News Release

Do financial incentives change length-of-stay performance in ED? Study results are mixed

Peer-Reviewed Publication

Society for Academic Emergency Medicine

Financial Incentives and Length of Stay

image: Four Canadian emergency departments before and after cessation of pay-for-performance (P4P) view more 


DES PLAINES, IL -- The results of a retrospective study on a pay-for-performance (P4P) program implemented in Vancouver, British Columbia suggest mixed consequences -- it can reduce access block for admitted patients but may also lead to discharges associated with return visits and admissions. The study is published in the August 2019 issue of Academic Emergency Medicine (AEM), a journal of the Society for Academic Emergency Medicine (SAEM).
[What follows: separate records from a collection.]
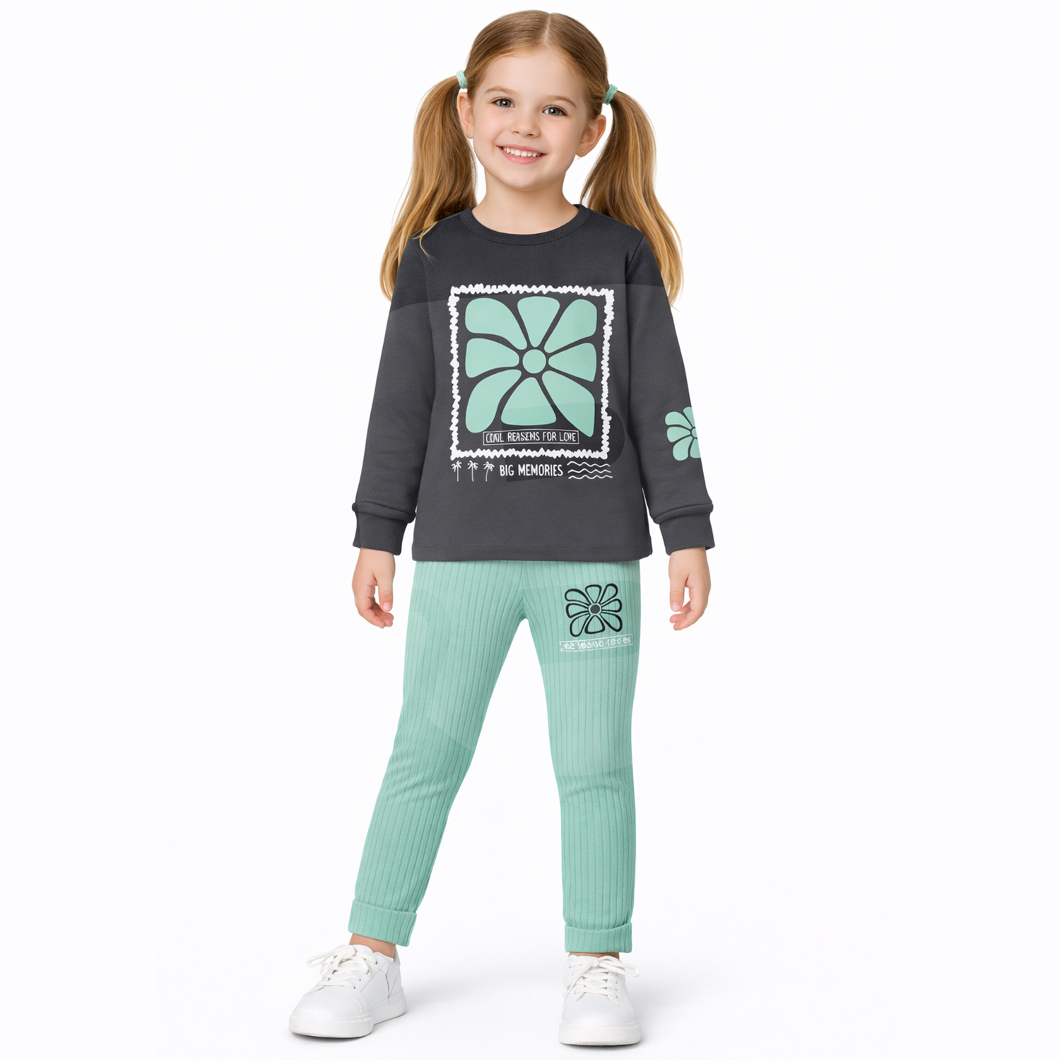 Pantalonii sunt în culoare verde mentă, cu textură striată, talie elastică și croială dreaptă, oferind libertate de mișcare. Imprimeul discret lateral completează vizual bluza, rezultând un set armonios și atractiv pentru categoria de vârstă 3–10 ani. Lungimea pantalonilor este adaptată pentru purtare zilnică, atât la interior, cât și la exterior.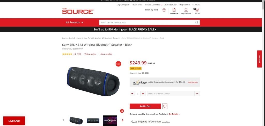 Sony SRS-XB43 Wireless Bluetooth Speaker - Black Tested and Working Retail $350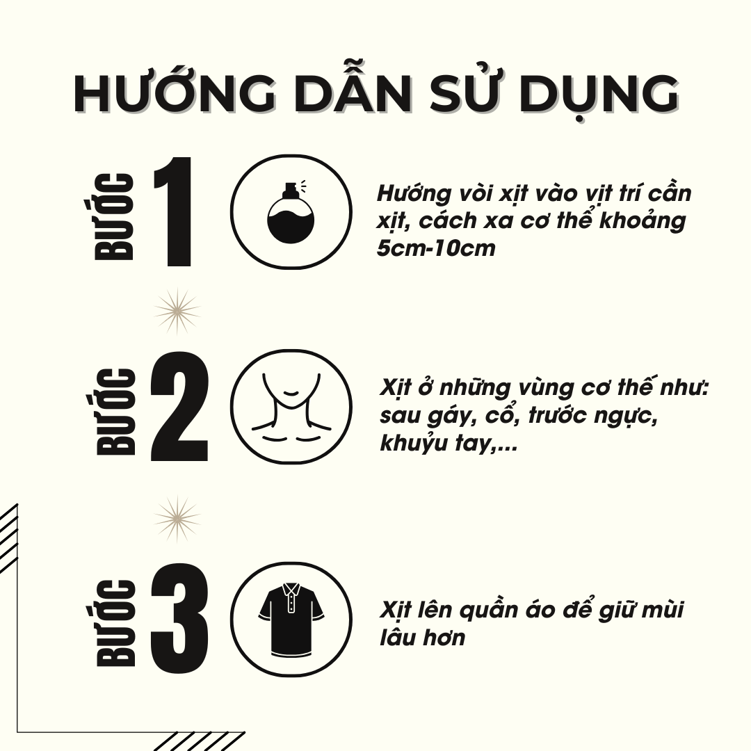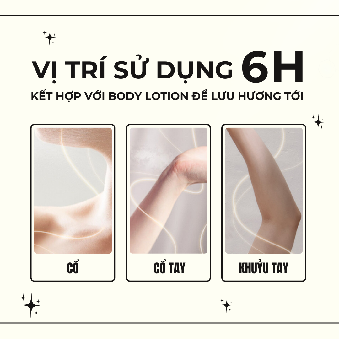 Độ lưu hương: Khoảng 6-8h trên da (tuỳ cơ địa), toả hương trong phạm vi 1m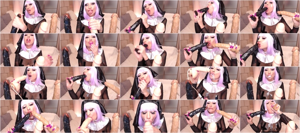 Sucking three dicks and huge load on my face in nun costume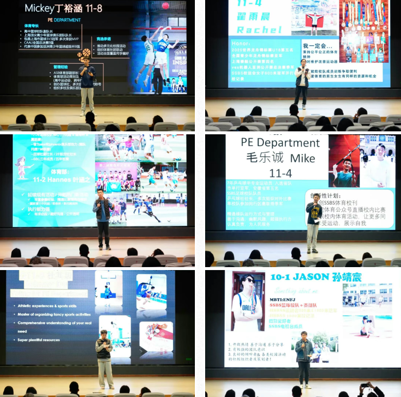 接下来十位体育部候选人的登场,展现了他们活力与才华并存的青春风貌。候选人中不仅有各项运动的长期热爱者,更有校队主力、纪录保持者和体育联赛的策划者。还有的候选人一展歌喉,感染了台下的观众。每一位参选者都希望为全体同学争取更丰富的运动资源与更广阔的运动舞台,让体育成为每个人校园生活的一部分。

The lead author of the study is Yuren Wang MS, from the College of Systems Engineering, National University of Defense Technology, Changsha, China. The findings of the study are discussed in a recent AEM podcast, Do Financial Incentives Change Length-of-stay Performance in Emergency Departments? A Retrospective Study of the Pay-for-performance Program in Metro Vancouver

The study by Wang, et al., suggests that the pay?for?performance program implemented in British Columbia affected the timing of patient disposition in the participating emergency departments (EDs). Such influence includes reduction in the ED length of stay for admitted patients, but possibly higher return?and?admission rate for patients who were discharged right before the target time in certain EDs.

The authors concluded that these observations suggest that we may only include the admission time target in a length of stay-based pay?for?performance program for now. While implementing the discharge target calls for further justification, one may consider combining it with other measurements preventing the potential risk of discharging patients prematurely.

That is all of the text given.